> HOW TO COMPLETE THIS TASK: All the lines below need retyping exactly, apart from the images.
+++ INFORMATION PROVIDED +++
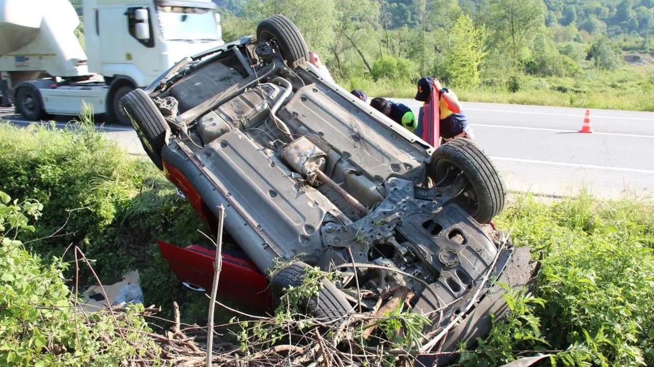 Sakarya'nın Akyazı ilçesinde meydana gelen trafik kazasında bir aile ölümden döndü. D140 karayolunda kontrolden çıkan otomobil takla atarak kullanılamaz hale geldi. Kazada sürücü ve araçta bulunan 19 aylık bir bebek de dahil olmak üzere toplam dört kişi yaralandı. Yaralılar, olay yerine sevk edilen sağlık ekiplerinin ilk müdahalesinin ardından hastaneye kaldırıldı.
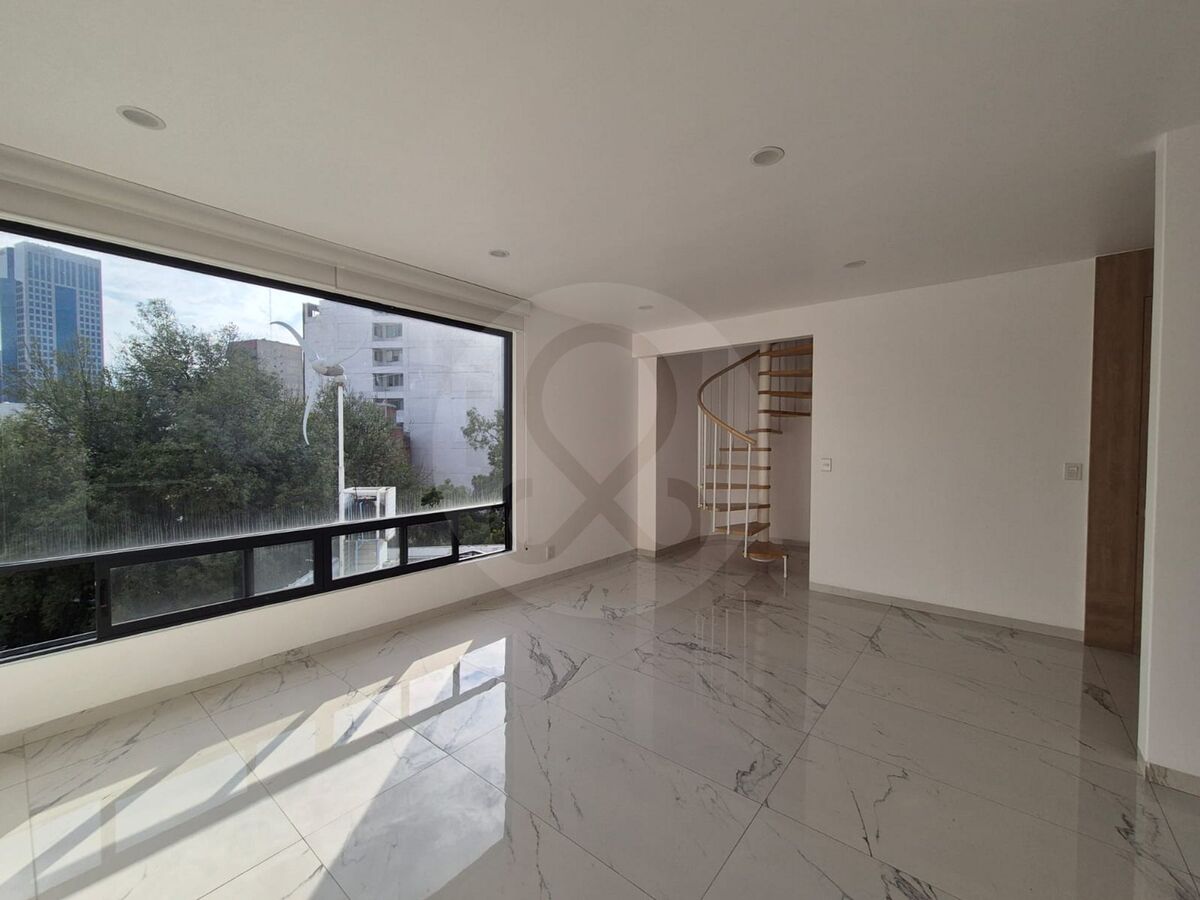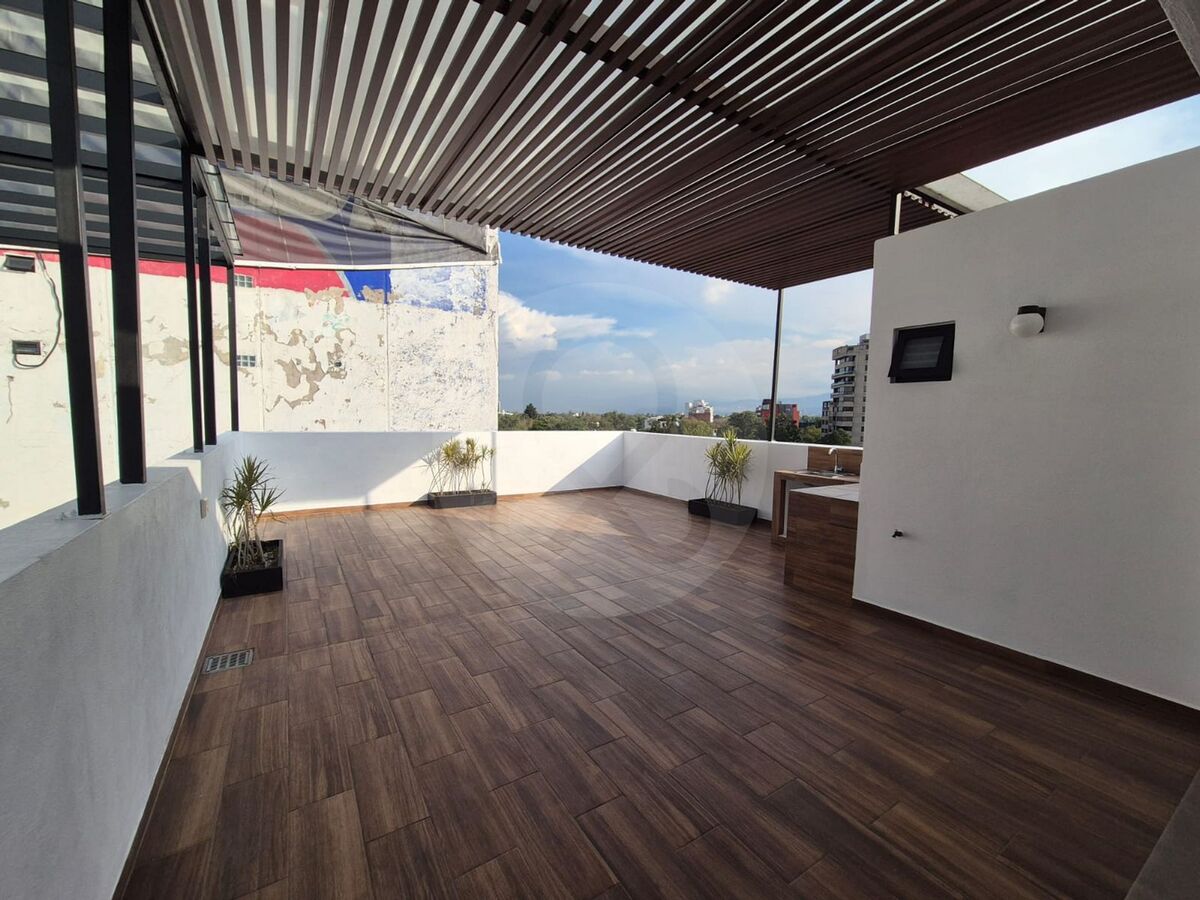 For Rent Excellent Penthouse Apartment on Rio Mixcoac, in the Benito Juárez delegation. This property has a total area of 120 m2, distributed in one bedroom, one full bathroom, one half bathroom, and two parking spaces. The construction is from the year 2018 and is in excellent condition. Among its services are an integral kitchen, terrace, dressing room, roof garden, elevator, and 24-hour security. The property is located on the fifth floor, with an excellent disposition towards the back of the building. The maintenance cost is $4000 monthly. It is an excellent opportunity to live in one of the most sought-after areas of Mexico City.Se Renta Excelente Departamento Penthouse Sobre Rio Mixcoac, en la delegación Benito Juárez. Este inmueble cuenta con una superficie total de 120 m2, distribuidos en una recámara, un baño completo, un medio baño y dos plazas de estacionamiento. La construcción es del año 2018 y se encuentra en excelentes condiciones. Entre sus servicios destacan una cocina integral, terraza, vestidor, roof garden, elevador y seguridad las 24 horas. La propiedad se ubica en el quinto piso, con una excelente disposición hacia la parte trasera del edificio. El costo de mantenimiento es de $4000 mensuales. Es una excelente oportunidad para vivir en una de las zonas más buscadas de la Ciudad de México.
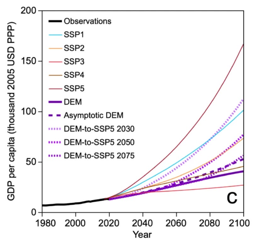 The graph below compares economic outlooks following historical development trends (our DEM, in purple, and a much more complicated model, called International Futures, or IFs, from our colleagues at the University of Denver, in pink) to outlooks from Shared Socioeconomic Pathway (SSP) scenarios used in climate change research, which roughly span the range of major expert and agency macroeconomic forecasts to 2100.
+++
> EXERCISE RESULT:
 Sakarya'nın Akyazı ilçesinde meydana gelen trafik kazasında bir aile ölümden döndü. D140 karayolunda kontrolden çıkan otomobil takla atarak kullanılamaz hale geldi. Kazada sürücü ve araçta bulunan 19 aylık bir bebek de dahil olmak üzere toplam dört kişi yaralandı. Yaralılar, olay yerine sevk edilen sağlık ekiplerinin ilk müdahalesinin ardından hastaneye kaldırıldı.
 For Rent Excellent Penthouse Apartment on Rio Mixcoac, in the Benito Juárez delegation. This property has a total area of 120 m2, distributed in one bedroom, one full bathroom, one half bathroom, and two parking spaces. The construction is from the year 2018 and is in excellent condition. Among its services are an integral kitchen, terrace, dressing room, roof garden, elevator, and 24-hour security. The property is located on the fifth floor, with an excellent disposition towards the back of the building. The maintenance cost is $4000 monthly. It is an excellent opportunity to live in one of the most sought-after areas of Mexico City.Se Renta Excelente Departamento Penthouse Sobre Rio Mixcoac, en la delegación Benito Juárez. Este inmueble cuenta con una superficie total de 120 m2, distribuidos en una recámara, un baño completo, un medio baño y dos plazas de estacionamiento. La construcción es del año 2018 y se encuentra en excelentes condiciones. Entre sus servicios destacan una cocina integral, terraza, vestidor, roof garden, elevador y seguridad las 24 horas. La propiedad se ubica en el quinto piso, con una excelente disposición hacia la parte trasera del edificio. El costo de mantenimiento es de $4000 mensuales. Es una excelente oportunidad para vivir en una de las zonas más buscadas de la Ciudad de México.
 The graph below compares economic outlooks following historical development trends (our DEM, in purple, and a much more complicated model, called International Futures, or IFs, from our colleagues at the University of Denver, in pink) to outlooks from Shared Socioeconomic Pathway (SSP) scenarios used in climate change research, which roughly span the range of major expert and agency macroeconomic forecasts to 2100.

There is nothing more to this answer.